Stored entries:
BEGIN
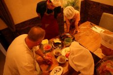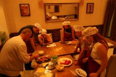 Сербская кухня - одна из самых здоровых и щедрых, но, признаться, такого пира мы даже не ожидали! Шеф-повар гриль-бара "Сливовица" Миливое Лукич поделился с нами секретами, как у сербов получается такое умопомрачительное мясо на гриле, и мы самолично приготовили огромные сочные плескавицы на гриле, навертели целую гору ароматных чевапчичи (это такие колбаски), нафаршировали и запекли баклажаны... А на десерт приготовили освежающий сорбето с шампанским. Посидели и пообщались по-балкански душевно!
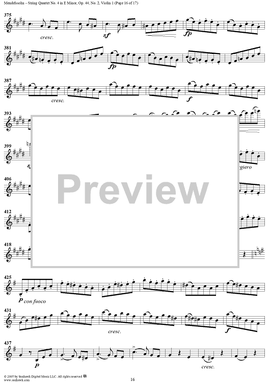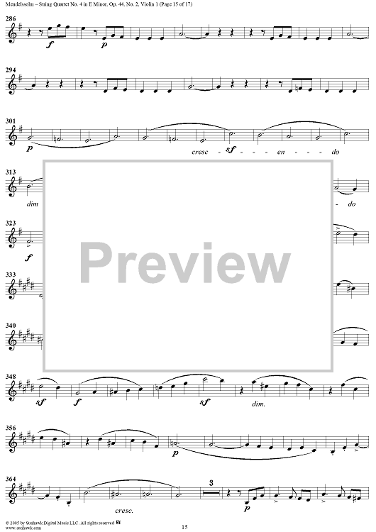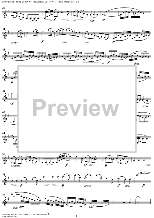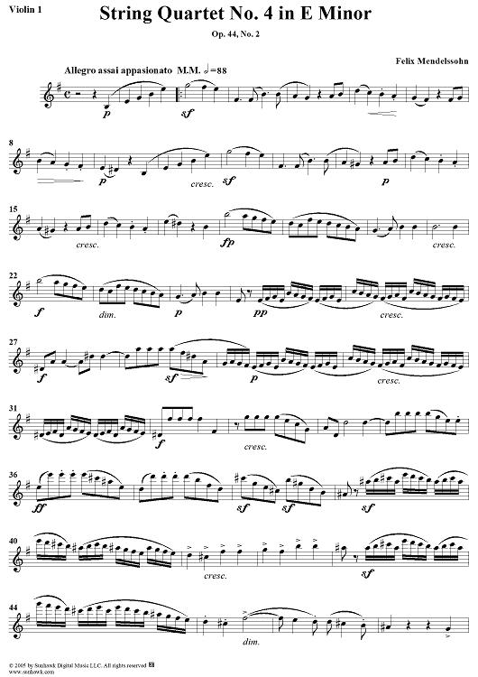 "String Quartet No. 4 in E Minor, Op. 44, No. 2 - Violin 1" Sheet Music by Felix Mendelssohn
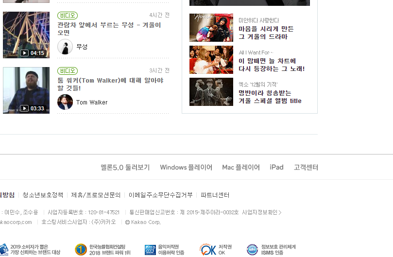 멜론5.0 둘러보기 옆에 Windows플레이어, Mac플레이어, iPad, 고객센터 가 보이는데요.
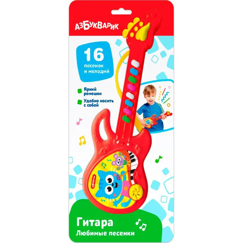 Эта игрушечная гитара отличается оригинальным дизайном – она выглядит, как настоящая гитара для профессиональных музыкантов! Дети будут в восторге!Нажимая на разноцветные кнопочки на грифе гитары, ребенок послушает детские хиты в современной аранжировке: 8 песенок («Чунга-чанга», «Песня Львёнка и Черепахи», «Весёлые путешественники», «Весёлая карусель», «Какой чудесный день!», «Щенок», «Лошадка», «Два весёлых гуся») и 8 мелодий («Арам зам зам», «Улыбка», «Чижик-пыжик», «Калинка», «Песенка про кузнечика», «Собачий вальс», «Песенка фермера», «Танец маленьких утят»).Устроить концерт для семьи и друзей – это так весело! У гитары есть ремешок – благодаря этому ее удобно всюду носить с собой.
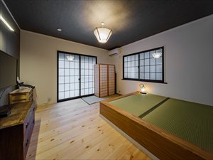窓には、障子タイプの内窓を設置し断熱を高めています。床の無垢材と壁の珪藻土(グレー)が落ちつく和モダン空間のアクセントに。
END
▶ [Directions]:
The exact lines from the beginning of the data through the one that contains "멜론5.0 둘러보기 옆에" must be given again, both ends included, and pictures must be left out.

▶ [Solution]:
 Сербская кухня - одна из самых здоровых и щедрых, но, признаться, такого пира мы даже не ожидали! Шеф-повар гриль-бара "Сливовица" Миливое Лукич поделился с нами секретами, как у сербов получается такое умопомрачительное мясо на гриле, и мы самолично приготовили огромные сочные плескавицы на гриле, навертели целую гору ароматных чевапчичи (это такие колбаски), нафаршировали и запекли баклажаны... А на десерт приготовили освежающий сорбето с шампанским. Посидели и пообщались по-балкански душевно!
 "String Quartet No. 4 in E Minor, Op. 44, No. 2 - Violin 1" Sheet Music by Felix Mendelssohn
 멜론5.0 둘러보기 옆에 Windows플레이어, Mac플레이어, iPad, 고객센터 가 보이는데요.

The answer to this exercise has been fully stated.